Friday, May 25, 2012

Forts of Arabia

This is the 3rd card sent by Claus and it is from Oman. The 1st picture shows the Bat Tombs at Ibry and the 2nd the Mausoleum of Bibi Maryam at Qalhat.

Carlton Cards
The protohistoric site of Bat lies near a palm grove in the interior of the Sultanate of Oman. The zone encompassing the settlement and necropolises of Bat is the most complete and best-known site of the 3rd millennium BC. In a restricted, coherent space, the necropolis of Bat bears characteristic and unique witness to the evolution of funeral practices during the first Bronze Age in the Oman peninsula. - in:
Together with the neighbouring sites of Al-Khutm and Al-Ayn, it forms one of the Oman Unesco sites, on the World Heritage List since 1988.
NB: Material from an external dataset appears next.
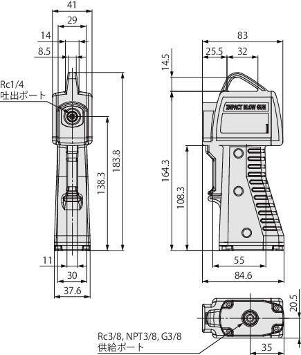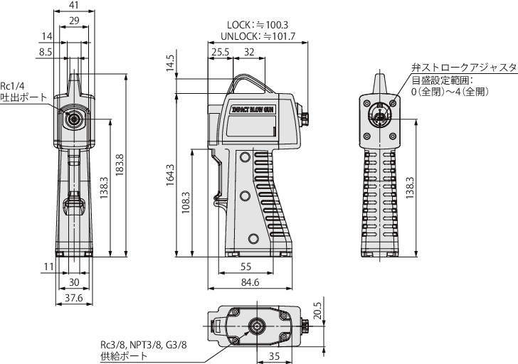 ・タンクをエアガンに内蔵しているため、一次側の圧力降下の栄影響を受けません。
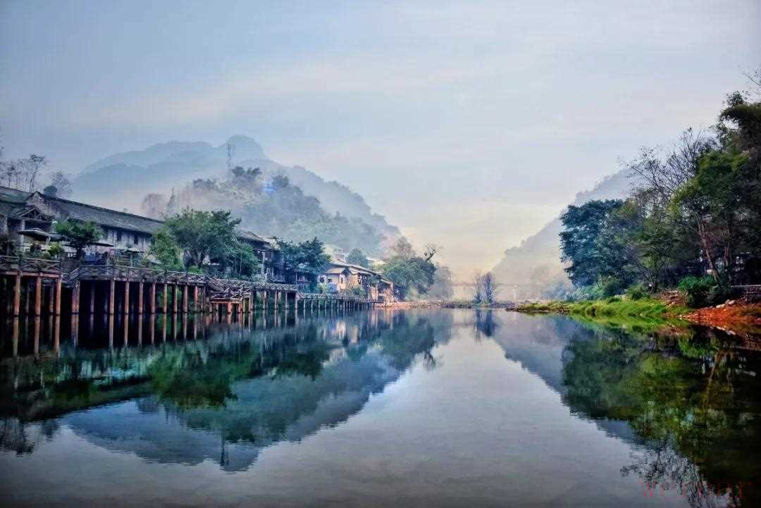 但又和许多知名古镇不一样,它依山临水,既有川西韵味吊脚楼,又如穿越到江南烟雨中。

In the 14th and 15th centuries, the most important city in the Arab Gulf was Hormuz. Between 1300 and 1507 Hormuz controlled many of the towns lying on the Arabian coast, including : Qalhat.
Every year many ships sailed from Hormuz and Qalhat to India with cargoes of horses, dates, pearls and salt. They returned from India with cloth, metalwork, spices and rice, which were then used in trade with people in Persia and other parts of Arabia. Some spices were also transported to Europe. Hormuz and Qalhat became very rich through trading. in:
 Reputedly devistated by an earthquake in the late 14th century and sacked by the Portuguese in 1508, the city was eventually superceded as the main port on the Omani seaboard by Muscat. By the end of the 16th century, Qalhat was an abandoned ruinfield. The only major edifice still standing at the site today is the so-called 'Mausoleum of Bibi Maryam.' Apparently dating from the early 14th century, this elegant structure incorporates features of both mausoleum and mosque and may be "one of the most beautiful mosques" described by Ibn Battuta, who visited Qalhat twicw, around the year 1320 and again in 1347. in:
Qalhat was added to the UNESCO World Heritage Tentative List on July 4, 1988.